__Data__
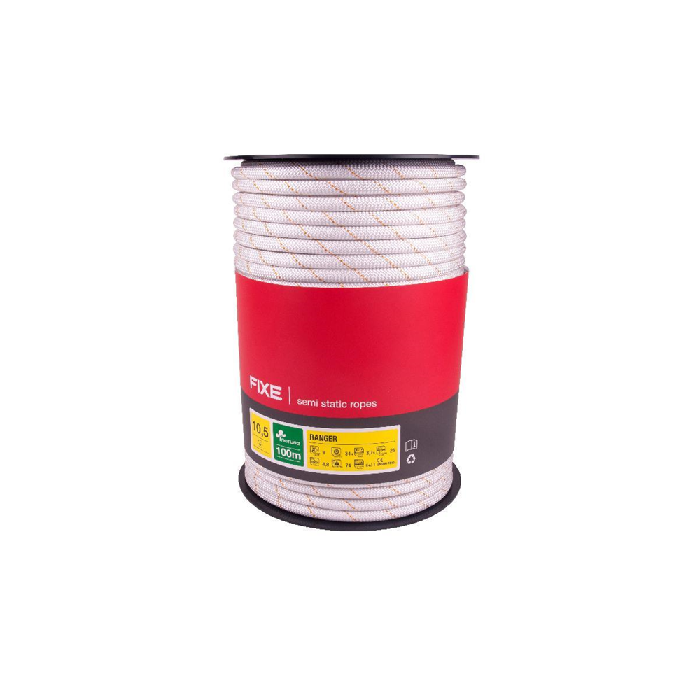 Fixe Climbing Ranger 10,5 mm to wysokiej jakości półstatyczna lina wielozadaniowa, posiadająca certyfikację EN1891:1998 typ A. Doskonale sprawdza się w różnorodnych zastosowaniach, takich jak prace na wysokości, instalacje, manewry pionowe oraz zastosowania sportowe. Wytrzymała i niezawodna, zaprojektowana z myślą o intensywnym użytkowaniu w wymagających warunkach.
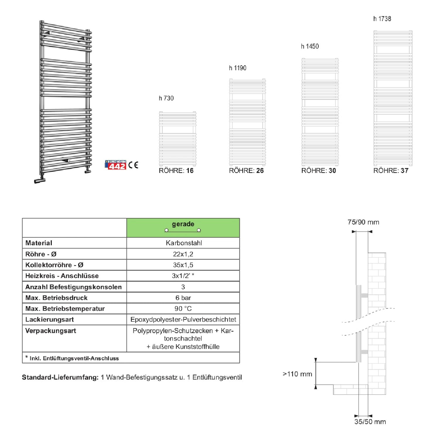 Stahl-Badheizkörper Gerade Ausführung mit seitlichen Kollektorröhren Ø 35 mm und horizontal Rundrohr Ø 22 mm. Mittelanschluss mit 50 mm.
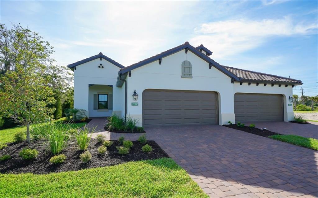 This new construction open-concept & well appointed sandcastle villa home is in the new belize neighborhood. the gourmet kitchen with long island has a view out to the dining nook and adjacent great room, which comes with the option of an elegant octagonal coffered ceiling. french doors off the open area leads into the den or home office. the master suite includes a large walk-in closet and two vanities with walk-in shower and private water closet. a roomy lanai, accessed through the pocket glass sliders in the great room, features an extended lanai. the two additional bedrooms share a full bath at the front of the home. wood look tile is installed throughout most of the home and carpet in the bedrooms. the kitchen features santa cecelia granite with built-ins such as two pot & pan drawers, trash pull-out and a refrigerator enclosure. the neighborhood has a private pool for the belize neighborhood residents or join the resort & tiki bar.Villa 3 bedrooms - BOCA ROYALE
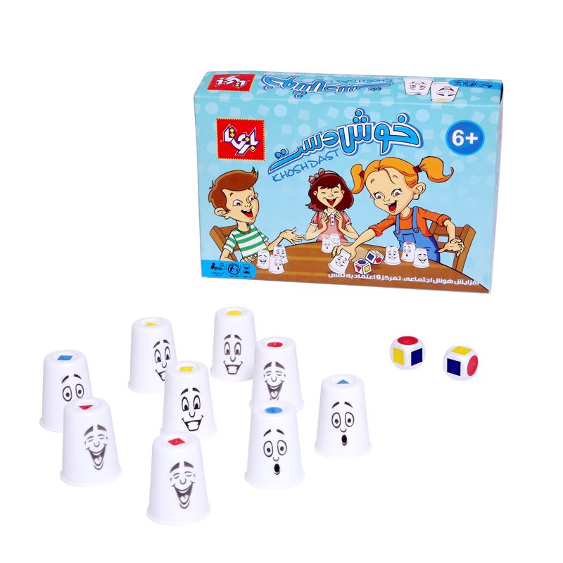 خوش دست یک بازی ساده و پر هیجان است که یکی از مهمترین مهارت‌های لازم برای زندگی و بخصوص علم ریاضی یعنی تفکر منطقی و قدرت استدلال را به شیوه‌ای جذاب به کودکان آموزش می‌دهد. در این بازی تعدادی لیوان داریم که ته آن‌ها یکی از سه شکل مربع، مثلث یا دایره به یکی از سه رنگ قرمز، آبی و زرد چاپ شده است. دو تاس هم داریم که روی هر وجه آن‌ها یکی از شکل‌ها به یکی از رنگ‌ها قرار دارد. هر دو تاس با هم ریخته می‌شود و بازیکنان باید بر اساس تاس‌هایی که آمده است، زودتر از بقیه لیوان درست را انتخاب کنند و بردارند. اگر هر دو تاس یک شکل با همان رنگ را نشان بدهند، باید همان لیوان را برداشت؛ اما اگر تاس‌ها متفاوت باشند باید لیوانی را برداشت که شکل یا رنگ یا هر دو در تاس‌ها موجود نباشد.
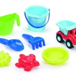 Súčasťou súpravy je vedierko s priemerom 10 cm, sitko, hrabličky, lopatka, dve formičky a autíčko – sklápač pre ešte zábavnejšiu hru. Rozmery vozíka 69,5 × 20 × 20,5 cm (vrátane držadla) uľahčia manipuláciu aj deťom. Súpravu po hre jednoducho opláchnete vodou a je pripravená na ďalšie dobrodružstvá.
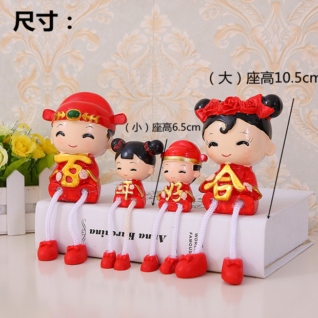 田园家居装饰品小摆件房间树脂吊脚娃娃可爱兔子一家客厅卧室创意
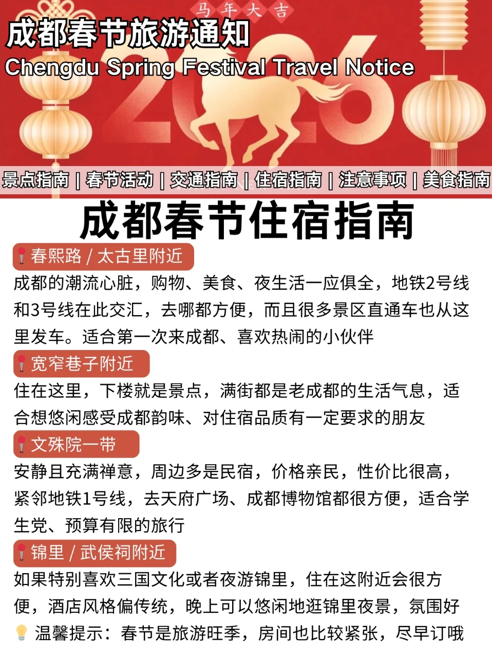 ▪️住宿可以选:春熙路(市中心方便)、宽窄巷子(老成都味浓)、文殊院(性价比高)。
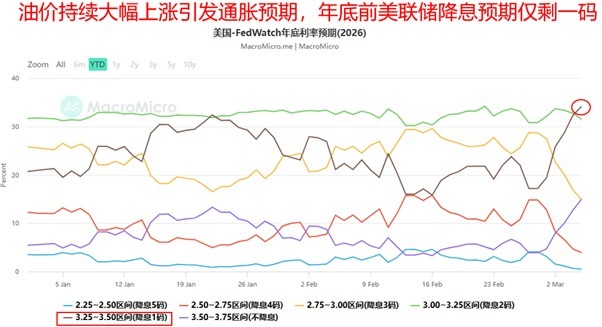 美国股市三大股指全线收跌,市场风险偏好受到持续冲击。道琼斯指数重挫近800点,跌幅达1.61%,收报47954.74点,抹去了今年以来的全部涨幅。标准普尔500指数下跌0.56%,纳斯达克综合指数跌幅相对较小,微跌0.26%。股市大跌的主要原因是中东战事不断升温,导致美国原油期货价格突破每桶80美元,加剧了市场对通胀反弹的担忧,并推动美国10年期国债收益率连续走高。市场预期通胀压力将使美联储今年的降息幅度大幅缩减。尽管大盘承压,但能源股和部分科技股限制了纳斯达克的跌幅。其中,博通(AVGO)因看好人工智能芯片收入大涨4.8%,英伟达(NVDA)也录得微涨。临近尾盘,因传出美国政府考虑采取措施控制油价,股指从盘中低点略微反弹。
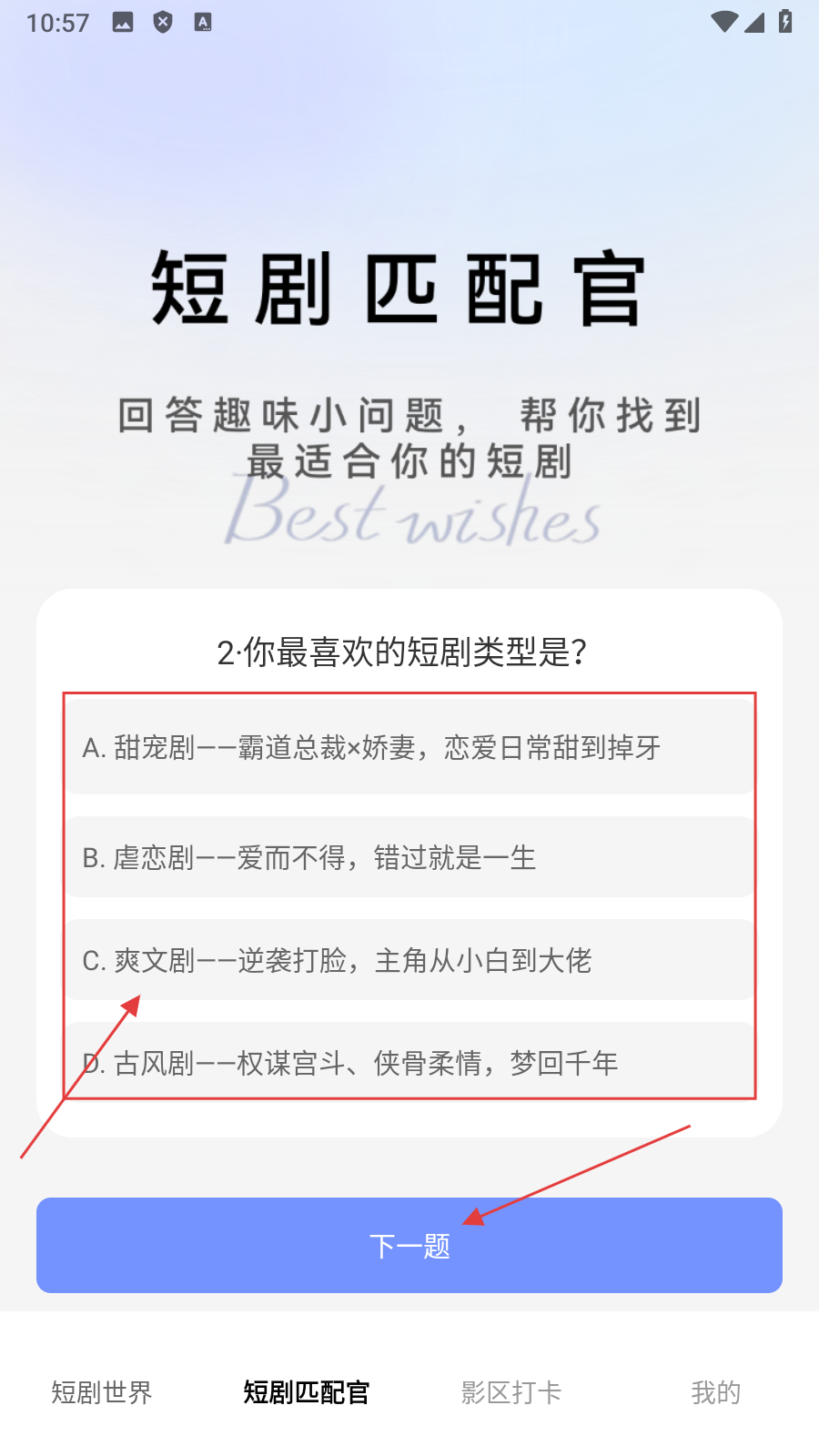 2、在短剧匹配官页面,【回答第一题】后点击【下一题】,继续答题。

__Exercise__
The entries above are to be restated verbatim, with no pictures carried over.

__Task solution__
 Fixe Climbing Ranger 10,5 mm to wysokiej jakości półstatyczna lina wielozadaniowa, posiadająca certyfikację EN1891:1998 typ A. Doskonale sprawdza się w różnorodnych zastosowaniach, takich jak prace na wysokości, instalacje, manewry pionowe oraz zastosowania sportowe. Wytrzymała i niezawodna, zaprojektowana z myślą o intensywnym użytkowaniu w wymagających warunkach.
 Stahl-Badheizkörper Gerade Ausführung mit seitlichen Kollektorröhren Ø 35 mm und horizontal Rundrohr Ø 22 mm. Mittelanschluss mit 50 mm.
 This new construction open-concept & well appointed sandcastle villa home is in the new belize neighborhood. the gourmet kitchen with long island has a view out to the dining nook and adjacent great room, which comes with the option of an elegant octagonal coffered ceiling. french doors off the open area leads into the den or home office. the master suite includes a large walk-in closet and two vanities with walk-in shower and private water closet. a roomy lanai, accessed through the pocket glass sliders in the great room, features an extended lanai. the two additional bedrooms share a full bath at the front of the home. wood look tile is installed throughout most of the home and carpet in the bedrooms. the kitchen features santa cecelia granite with built-ins such as two pot & pan drawers, trash pull-out and a refrigerator enclosure. the neighborhood has a private pool for the belize neighborhood residents or join the resort & tiki bar.Villa 3 bedrooms - BOCA ROYALE
 خوش دست یک بازی ساده و پر هیجان است که یکی از مهمترین مهارت‌های لازم برای زندگی و بخصوص علم ریاضی یعنی تفکر منطقی و قدرت استدلال را به شیوه‌ای جذاب به کودکان آموزش می‌دهد. در این بازی تعدادی لیوان داریم که ته آن‌ها یکی از سه شکل مربع، مثلث یا دایره به یکی از سه رنگ قرمز، آبی و زرد چاپ شده است. دو تاس هم داریم که روی هر وجه آن‌ها یکی از شکل‌ها به یکی از رنگ‌ها قرار دارد. هر دو تاس با هم ریخته می‌شود و بازیکنان باید بر اساس تاس‌هایی که آمده است، زودتر از بقیه لیوان درست را انتخاب کنند و بردارند. اگر هر دو تاس یک شکل با همان رنگ را نشان بدهند، باید همان لیوان را برداشت؛ اما اگر تاس‌ها متفاوت باشند باید لیوانی را برداشت که شکل یا رنگ یا هر دو در تاس‌ها موجود نباشد.
 Súčasťou súpravy je vedierko s priemerom 10 cm, sitko, hrabličky, lopatka, dve formičky a autíčko – sklápač pre ešte zábavnejšiu hru. Rozmery vozíka 69,5 × 20 × 20,5 cm (vrátane držadla) uľahčia manipuláciu aj deťom. Súpravu po hre jednoducho opláchnete vodou a je pripravená na ďalšie dobrodružstvá.
 田园家居装饰品小摆件房间树脂吊脚娃娃可爱兔子一家客厅卧室创意
 ▪️住宿可以选:春熙路(市中心方便)、宽窄巷子(老成都味浓)、文殊院(性价比高)。
 美国股市三大股指全线收跌,市场风险偏好受到持续冲击。道琼斯指数重挫近800点,跌幅达1.61%,收报47954.74点,抹去了今年以来的全部涨幅。标准普尔500指数下跌0.56%,纳斯达克综合指数跌幅相对较小,微跌0.26%。股市大跌的主要原因是中东战事不断升温,导致美国原油期货价格突破每桶80美元,加剧了市场对通胀反弹的担忧,并推动美国10年期国债收益率连续走高。市场预期通胀压力将使美联储今年的降息幅度大幅缩减。尽管大盘承压,但能源股和部分科技股限制了纳斯达克的跌幅。其中,博通(AVGO)因看好人工智能芯片收入大涨4.8%,英伟达(NVDA)也录得微涨。临近尾盘,因传出美国政府考虑采取措施控制油价,股指从盘中低点略微反弹。
 2、在短剧匹配官页面,【回答第一题】后点击【下一题】,继续答题。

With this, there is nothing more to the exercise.